Вторую часть книги составляют три чрезвычайно интересных историко-биографических очерка, написанных в стиле «центральноевропейского» писателя и эссеиста Ст. Цвейга (отчасти М. Алданова), которые посвящены Иосифу II, знаменитому правителю Священной Римской империи германской нации, «красному графу» Михаю Кароли, пытавшемуся после падения дома Габсбургов сохранить единую Венгрию и «последнему философу на троне» (по аналогии с Т. Г. Масариком) президенту Вацлаву Гавелу. Развивая метафору утерянного топоса, Шимов рассматривает своих героев par excellence в момент ухода с «политической сцены, где разворачивался отчаянный торг за наследство» (с.85).

В последнем эссе-портрете, говоря о правозащитном прошлом президента Чехии Гавела Шимов точно подмечает общность «диссидентства и революционного подполья» (отметим от себя — и «подпольного человека» Ф. Достоевского) (с.90). Таким образом, выстраивается тонкая грань «двойничества» между жертвой и властью, а в дальнейшем их взаимозаменяемости.

Вместе с тем исследование Шимова вызывает и некоторые возражения. Так, в книге несколько раз критически упоминается Версальский договор 1918 г. и его логические продолжения вроде Трианонского мира 1920 г., существенно сократившие Венгрию на две трети ее территории и на 59% ее население (с.31). Признавая все несовершенство Версальской системы границ, следует напомнить, что многие из них устанавливались de facto, как границы Польши, в частности, Виленская область, включенная в состав Речи Посполитой в 1920 г. Нужно учитывать, что после окончания первой мировой войны Антанта не имела ни ресурсов (отчасти), ни моральных сил (главным образом) для ведения политической кампании, которая бы имела реальные шансы перерасти в военную, нацеленную на установление более «справедливых» границ.

Отметим от себя, что подобной усталостью объясняется и весьма скромная, по мнению большинства белых генералов, помощь держав «Сердечного согласия» антибольшевистским силам в России. Хотя трудно было ожидать большего после четырех лет тяжелейших боев, в ходе которых (и не без оснований) у Антанты в отношении России сложился стереотип ненадежного союзника, который не вел активных боевых действий, отсиживался за счет Западного фронта, в 1917 г. просто саботировал свои обязанности, а в довершении всего пытался разрешить свои сугубо внутренние проблемы (гражданская война) кровью «интервентов».

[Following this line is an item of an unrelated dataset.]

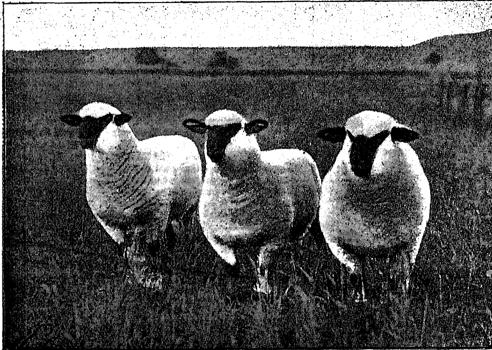
LA RAZA DEL PORVENIR—BORREGOS HAMPSHIRE

El frigorífico del Mercado de Abastos Proveedor será de una capacidad de 3.000 metros cúbicos; el primero de este género en Sud América.

Возвращаясь к территориальным спорам, надо сказать, что они не являются прерогативой только Центральной Европы. Вспомним ставший давно уже хрестоматийным вопрос об Эльзасе и Лотарингии или менее известный спор между Великобританией и Испанией по поводу Гибралтара.

В равной мере представляется неудачной идея начать статью «Реестр взаимных обид» (об уже упоминавшихся территориальных спорах) с обсуждения «Калининградской проблемы» (с.30). Во-первых, автор признается, что «в случае с Калининградом речь идет не о чьих-то территориальных претензиях, <…> а лишь об урегулировании статуса российского анклава» (с.30). Во-вторых, подобный «прорыв» в современную проблематику придает статье актуальность, которая неизбежно обернется либо ненужной публицистичностью, либо же архаикой, как только проблема Калининграда будет разрешена.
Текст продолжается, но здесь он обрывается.